The task >>
Copy, exactly as written, the lines that begin at the one containing "- bílé LED napodobují" and end at the one containing "卡通掃街牌二維碼胸牌掛牌吊牌微商牌定制訂做高檔掃碼牌包郵推廣熱賣行情". Skip any pictures in the data below.

------ Source information

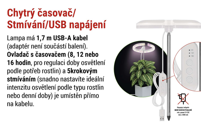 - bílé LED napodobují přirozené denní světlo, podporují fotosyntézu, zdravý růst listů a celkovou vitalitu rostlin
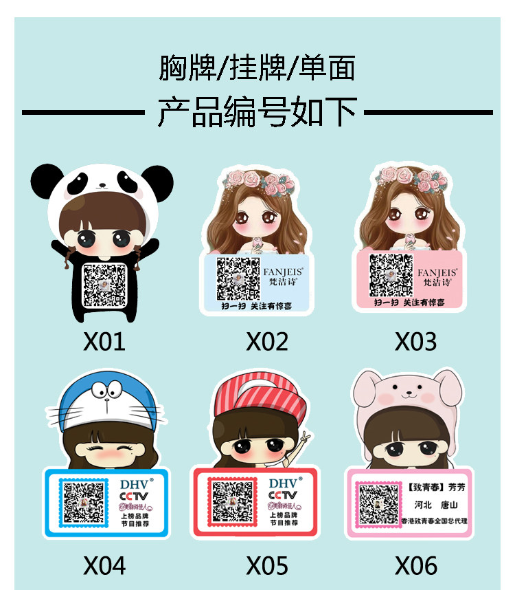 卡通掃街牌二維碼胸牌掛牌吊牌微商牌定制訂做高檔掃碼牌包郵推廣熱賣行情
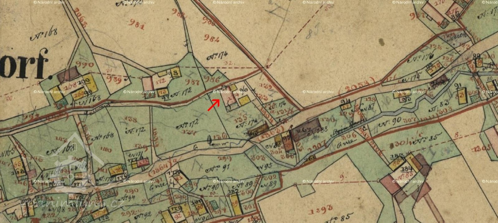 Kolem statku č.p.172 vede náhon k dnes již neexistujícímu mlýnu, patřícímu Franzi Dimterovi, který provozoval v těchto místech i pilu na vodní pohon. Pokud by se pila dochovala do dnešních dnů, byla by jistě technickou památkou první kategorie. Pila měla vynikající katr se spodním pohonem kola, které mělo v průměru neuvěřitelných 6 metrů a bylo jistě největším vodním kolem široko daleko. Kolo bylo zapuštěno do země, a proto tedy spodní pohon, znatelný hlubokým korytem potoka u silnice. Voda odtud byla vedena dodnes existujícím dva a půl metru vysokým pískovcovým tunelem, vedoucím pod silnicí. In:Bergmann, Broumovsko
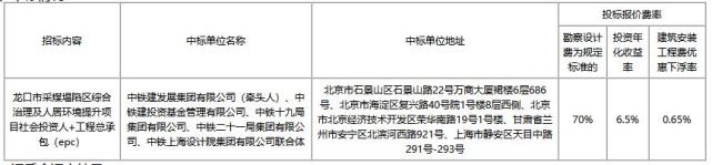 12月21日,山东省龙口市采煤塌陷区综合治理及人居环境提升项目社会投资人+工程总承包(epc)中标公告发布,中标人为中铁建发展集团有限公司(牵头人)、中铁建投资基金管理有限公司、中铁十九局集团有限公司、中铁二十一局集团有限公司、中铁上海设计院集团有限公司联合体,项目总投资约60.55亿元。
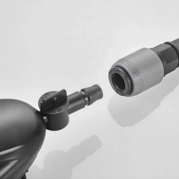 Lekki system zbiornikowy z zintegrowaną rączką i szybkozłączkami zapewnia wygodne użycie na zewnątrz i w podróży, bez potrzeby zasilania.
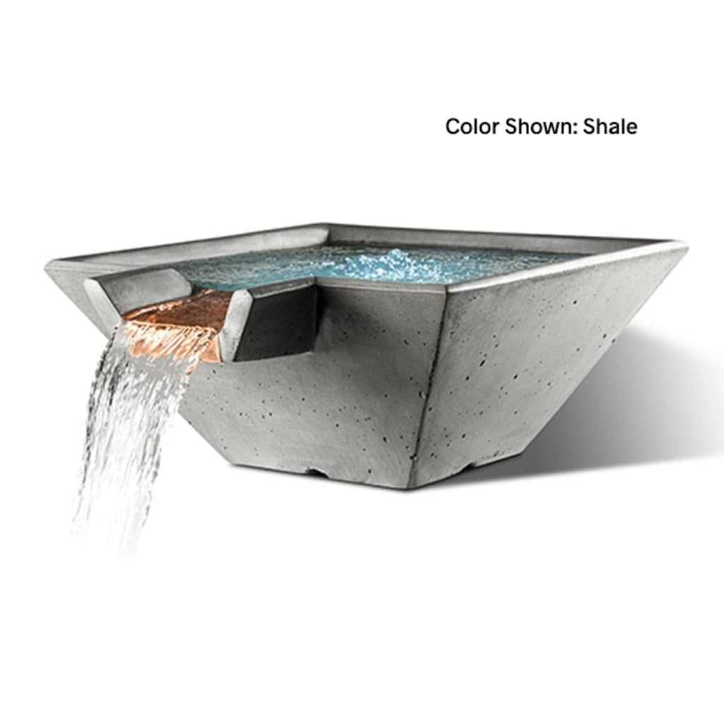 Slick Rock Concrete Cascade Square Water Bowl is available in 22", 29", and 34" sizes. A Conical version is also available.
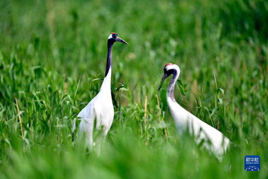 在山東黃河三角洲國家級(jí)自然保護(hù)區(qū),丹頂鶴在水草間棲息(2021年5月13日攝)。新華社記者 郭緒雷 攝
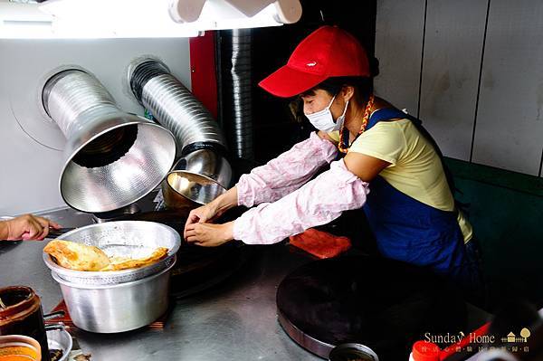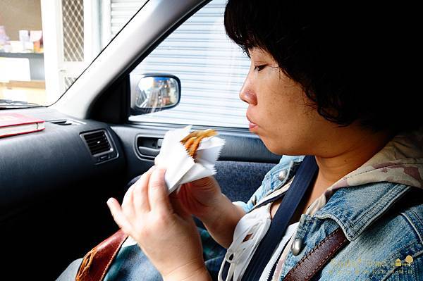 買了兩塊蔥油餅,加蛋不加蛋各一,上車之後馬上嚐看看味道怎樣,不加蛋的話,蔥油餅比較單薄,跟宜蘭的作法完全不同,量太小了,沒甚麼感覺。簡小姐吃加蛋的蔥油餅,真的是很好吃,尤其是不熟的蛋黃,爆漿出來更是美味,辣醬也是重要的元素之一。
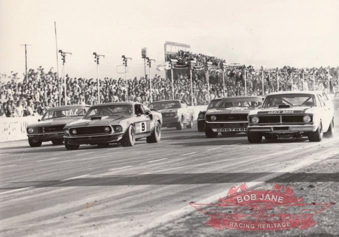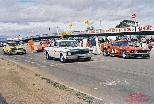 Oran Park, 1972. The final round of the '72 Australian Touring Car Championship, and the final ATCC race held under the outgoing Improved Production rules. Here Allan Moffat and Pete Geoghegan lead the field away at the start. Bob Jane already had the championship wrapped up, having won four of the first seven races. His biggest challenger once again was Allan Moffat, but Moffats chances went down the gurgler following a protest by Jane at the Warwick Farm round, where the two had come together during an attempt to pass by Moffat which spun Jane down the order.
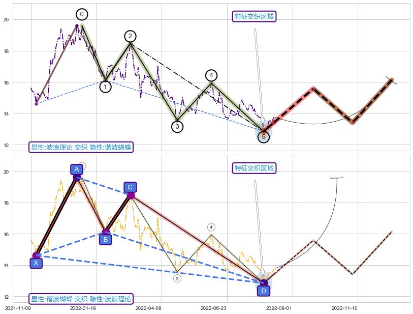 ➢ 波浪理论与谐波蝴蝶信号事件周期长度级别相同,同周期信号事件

------------
------ Source information

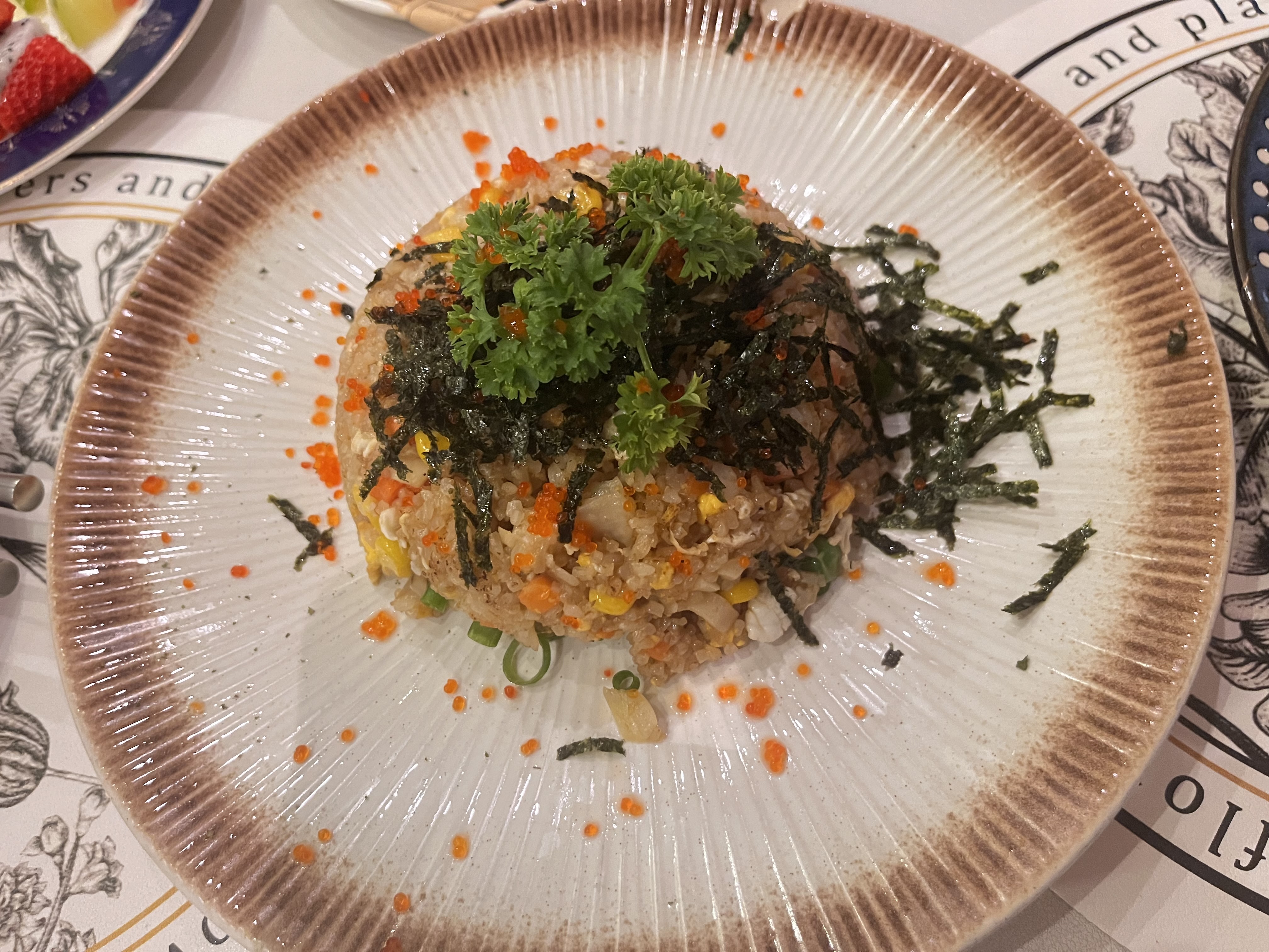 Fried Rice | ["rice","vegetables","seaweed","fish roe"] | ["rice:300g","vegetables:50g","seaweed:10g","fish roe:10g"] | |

------------

Result >>
 - bílé LED napodobují přirozené denní světlo, podporují fotosyntézu, zdravý růst listů a celkovou vitalitu rostlin
 卡通掃街牌二維碼胸牌掛牌吊牌微商牌定制訂做高檔掃碼牌包郵推廣熱賣行情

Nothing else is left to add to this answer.